Сейчас студентов в коридорах практически нет. Везде тишина, и студентка пытается говорить тихо, чтобы никто не услышал. От кого прячется, сама, если честно, не знает. Зато Андрияненко никого не стесняется. По крайней мере, каблуки ее стучат весьма громко и настойчиво.
Они спустились на этаж ниже, а потом зашли в какую-то аудиторию гораздо меньшую по размерам. Там одиноко сидел молодой человек. У него были белокурые, скорее всего крашенные волосы. Нос с небольшой горбинкой, на подбородке еле заметное родимое пятно. Парень в левой руке держал ручку, кончик которой зажал зубами. На столе находился довольно компактный ноутбук, отчего возникал вопрос, а зачем ему вообще нужна ручка? На вошедших в аудиторию обратил внимание не сразу. Постучал пальцами по поверхности стола, и резко сказал:
— Я отправил вам на почту, Елизавета Владимировна, должно быть правильно, — на этих словах он быстро закрыл крышку устройства, и начал собираться.
— Я проверю, Родион, дедлайн во вторник?
— В понедельник, — монотонно произнёс студент. Было видно, что он порядком устал.
Андрияненко пообещала проверить в самое ближайшее время. Получив эту информацию, белокурый парень по имени Родион незамедлительно покинул аудиторию, оставляя девушек наедине.
— Садись, — кивком головы англичанка указала на первую парту. Девушка послушалась, наблюдая, как преподавательница садится рядом с ней. — Тетрадь доставай.
И приятное волнение овладело ею властно и бесповоротно.
***
Отношения с Надей постепенно налаживались. Конечно, их нельзя было назвать подругами, но теперь им легче дышится вместе.
Предложение о прогулке было выдвинуто Закировой. Ева согласилась практически сразу. Правда, несколько мгновений подумала о том, что ей может дать эта прогулка. Им жить еще, как минимум, учебный год вместе, так что стоит наладить ментальный контакт. Да или хоть какой-нибудь уже!

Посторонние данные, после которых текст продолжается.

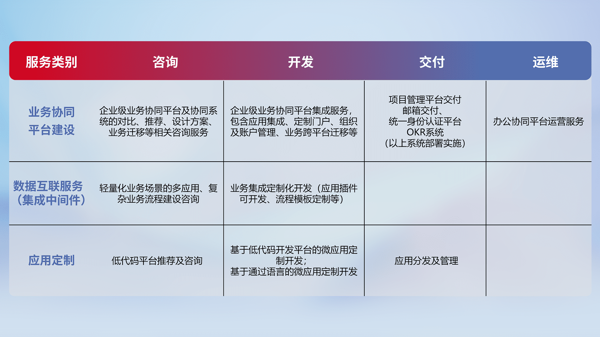 针对钉钉、、、、企微、、IDaas等平台级产品提供产品的规划、、、方案、、交付、、、定制化开发等服务,,,实现如统一协同办公、、、智能客户服务、、混合会议管理、、、、智能数据查询、、、等业务场景,,,,实现数字化转型。。

Они ходили вдоль пешеходной аллеи. Ничего интересного не было: уличные фонари, которые тускло горели; крашеные, дощатые скамейки, которые, кажется, были заняты все до единой и низкорослые кустики. По понятным причинам, природа выглядела обедненной. Никаких ярких зеленых цветов и красивых листьев. Еве, как и всем присутствующим, остается лишь наблюдать за голыми ветками деревьев, но в этом есть своя изюминка. Что плохого в ветках? Ходишь так по аллее и словно чувствуешь острый хвойный запах.
— У вас в группе есть симпотные парни? — Неожиданно переводит тему соседка по комнате. И сейчас Лазутчикова понимает, что выслушивать нытье той было не таким уж и плохим занятием.
Ну какие к черту парни? Ира даже не смотрит на них, как-то интереса нет. Да и не было никогда. Симпотные? Ну, вот взять хотя бы Девятку. Он же выглядит, как оборванец. Каштановые волосы неопрятно взъерошены, как будто парень вообще не знает о существовании расчески, но та ему поможет навряд ли, ведь сама структура волос не укладывается без лаков или каких-то пенок. Брови довольно широкие, ресницы яркие и длинные. За своим внешним видом особо не следил, часто приходил в мятой одежде, но зато имел отличное чувство юмора, не знал уныния и вечно искал приключения на свою задницу. Ну разве не завидный жених?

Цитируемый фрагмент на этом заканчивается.